Using the James Webb Space Telescope, astronomers may have directly imaged a Saturn-mass gas giant in the habitable zone of a star in the solar system next door. While the planet itself isn’t habitable to life as we know it, moons around it could be.
Alpha Centauri is a triple-star system, made up of a pair of close-orbiting, Sun-like stars (A and B) as well as the red dwarf Proxima Centauri, the closest star to the Sun.
Astronomers have already found three planets swirling around Proxima Centauri, but now they may have spotted one circling Alpha Centauri A as well. The results are reported in two papers that will appear in The Astrophysical Journal Letters (paper 1, paper 2).
Colin Stuart
Fascinating discovery, particularly because α Centauri AB is a pretty tight binary, with the minimal distance between the stars about the same as the distance between Saturn and the Sun in our own solar system. Finding a planet in a stable orbit around one of these stars would further support the idea that planets can form in challenging stellar configurations and so are basically ubiquitous in the universe. As of now though, the papers are based on a single visual detection – and two negative follow-up observations – correlated with another 2019 sighting from the European Southern Observatory’s Very Large Telescope, so the uncertainty remains high and we can expect the results to be revised considerably based on future observations of the system.

As the closest star system with Sun-like stars, α Centauri was featured in several science fiction stories. Possibly the most famous by now is the movie Avatar, where humans land on Pandora, an Earth-like habitable extrasolar moon in this system. The proposed planetary candidate orbits in the star’s habitable zone, and it would not be that farfetched to expect it to have a moon system as well, which should be stable over astronomical timeframes at that separation from the star.
On second thought, we should probably wait to get the planet’s refined orbit. The current expectation is for a mildly eccentric and inclined orbit, which would expose it to periodic swings of the orbital elements via Kozai resonances with the outer star α Centauri B, which in turn could disrupt its moon system, possibly ejecting outer moons or causing collisions between them. This issue aside, I doubt any moon could grow as large as Pandora around a mere Saturn-sized giant planet. Saturn’s largest moon Titan is after all barely 2.5% of Earth’s mass, and it potentially had a lot more material available during its formation.
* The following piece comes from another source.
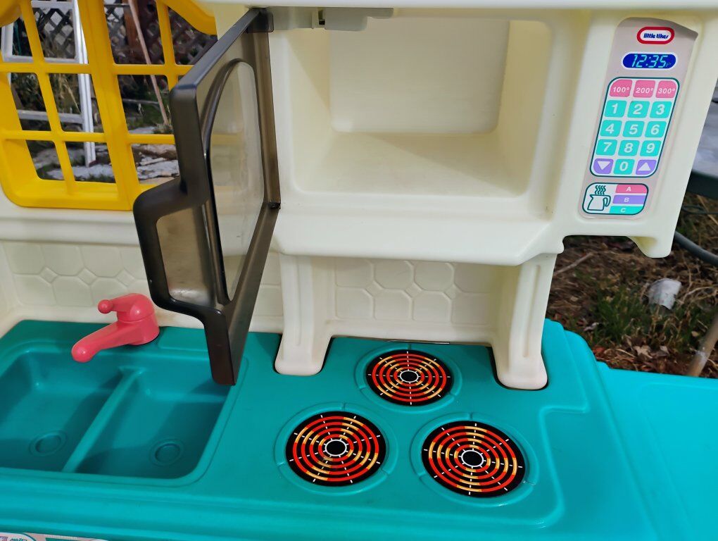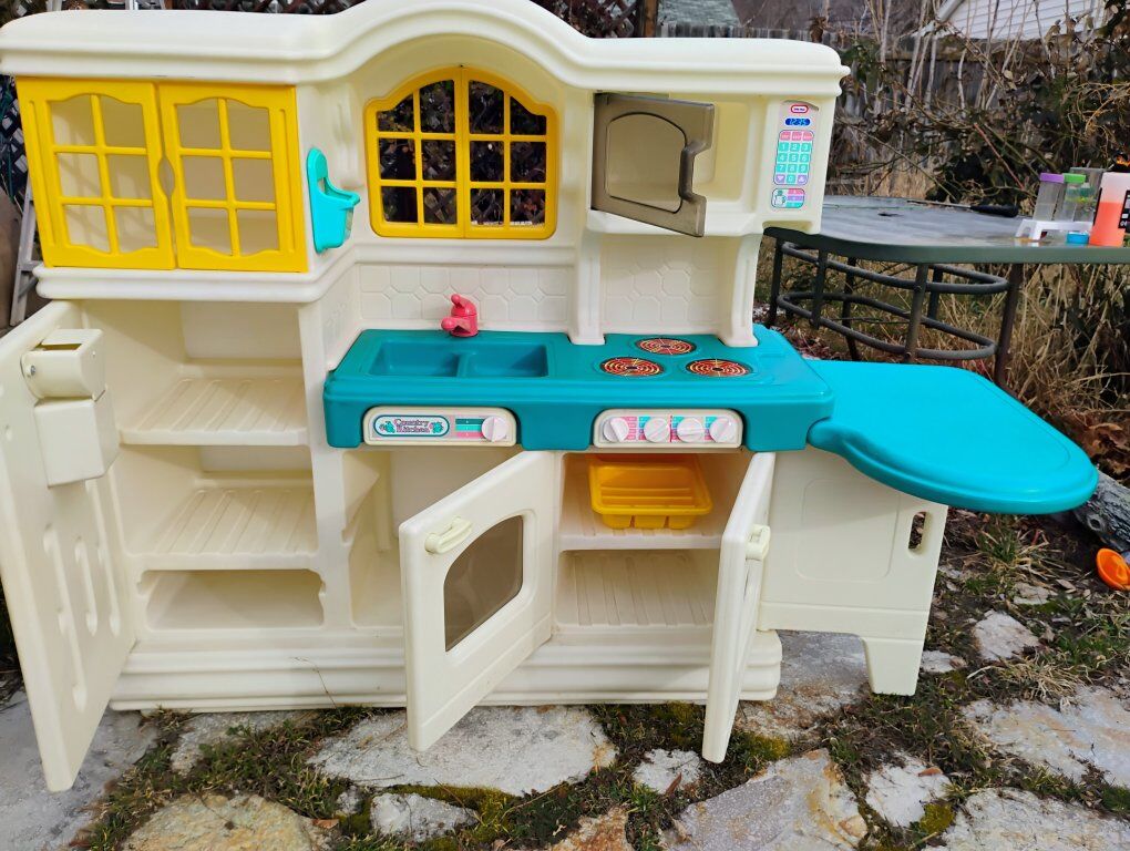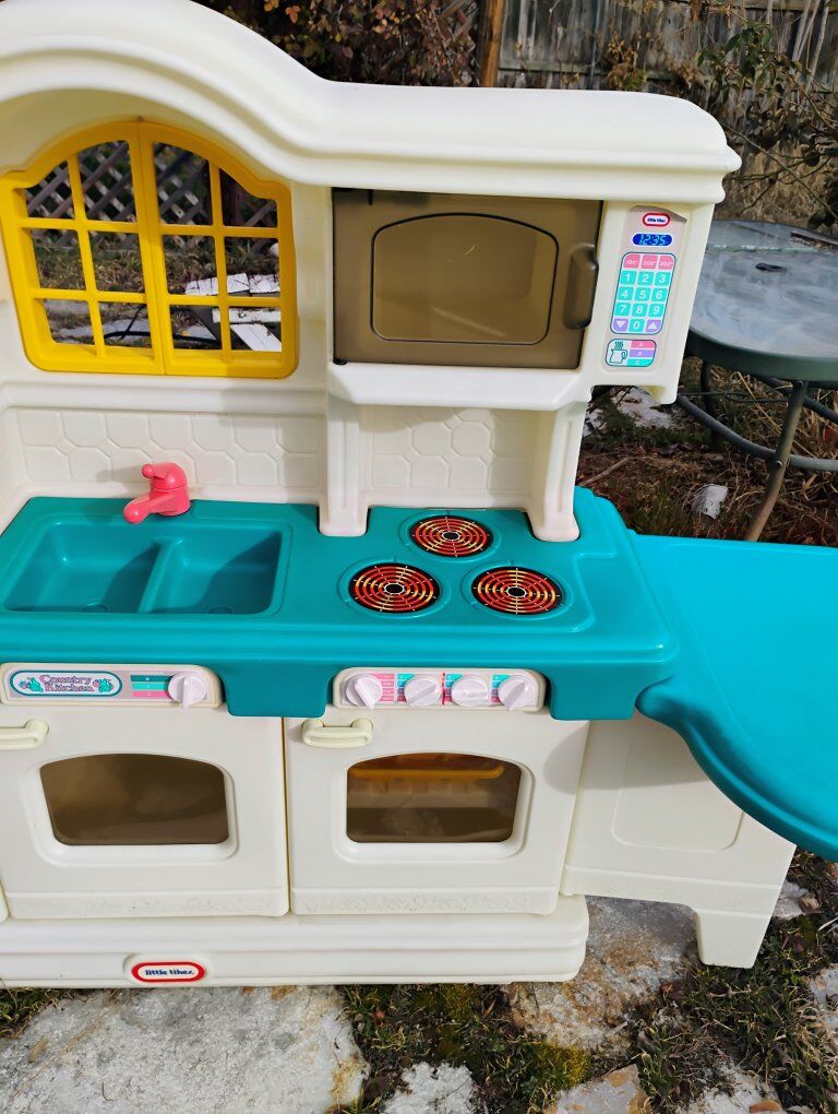 Vintage Little Tikes Country Farm Kitchen playset from the 90's. Has a play stove, oven, sink, microwave, and storage cabinets. One solid piece, doesn't come apart. Measures approx 43"x45"x14". The kitchen is in good used condition, shows some light play wear typical of its age but not structural damaged observed. The doors and cabinets work great. We love this kitchen, we just don't have the space for it. Pick up is near Foothill Village in Salt lake City. I don't have venmo, I take cash only. Let me know if you have any questions.

Speaking of changing orbits, the other science fiction work centered around α Centauri is Liu Cixin’s novel The Three-Body Problem, which was recently adapted into a series by Netflix. I should have probably written a review of its first season by now, but to keep it short: while the core idea is sound – a planet in the habitable zone around either of these two stars would experience more extreme orbital and thus climate extremes that Earth, causing frequent upheavals on the surface and possibly civilization-ending disasters – the way it’s portrayed on screen quickly becomes implausible. One scene depicts people floating up in the air supposedly because of gravitational swings; needless to say, if you float off the planet’s surface like that, the atmosphere and water would be gone along with you, and life would not restart after the planet settles into a more stable orbit.
The series – and I presume the book at its origin as well – grossly misunderstands orbital dynamics: if an orbit became so chaotic as to swing by one of the stars, the body would not survive in that state for much longer and it would most likely get ejected from the star system altogether. If the configuration was so unstable, it raises the question how life and civilization managed to arise under such extreme conditions over billions of years. The longer you think about it, these contradictions make less sense.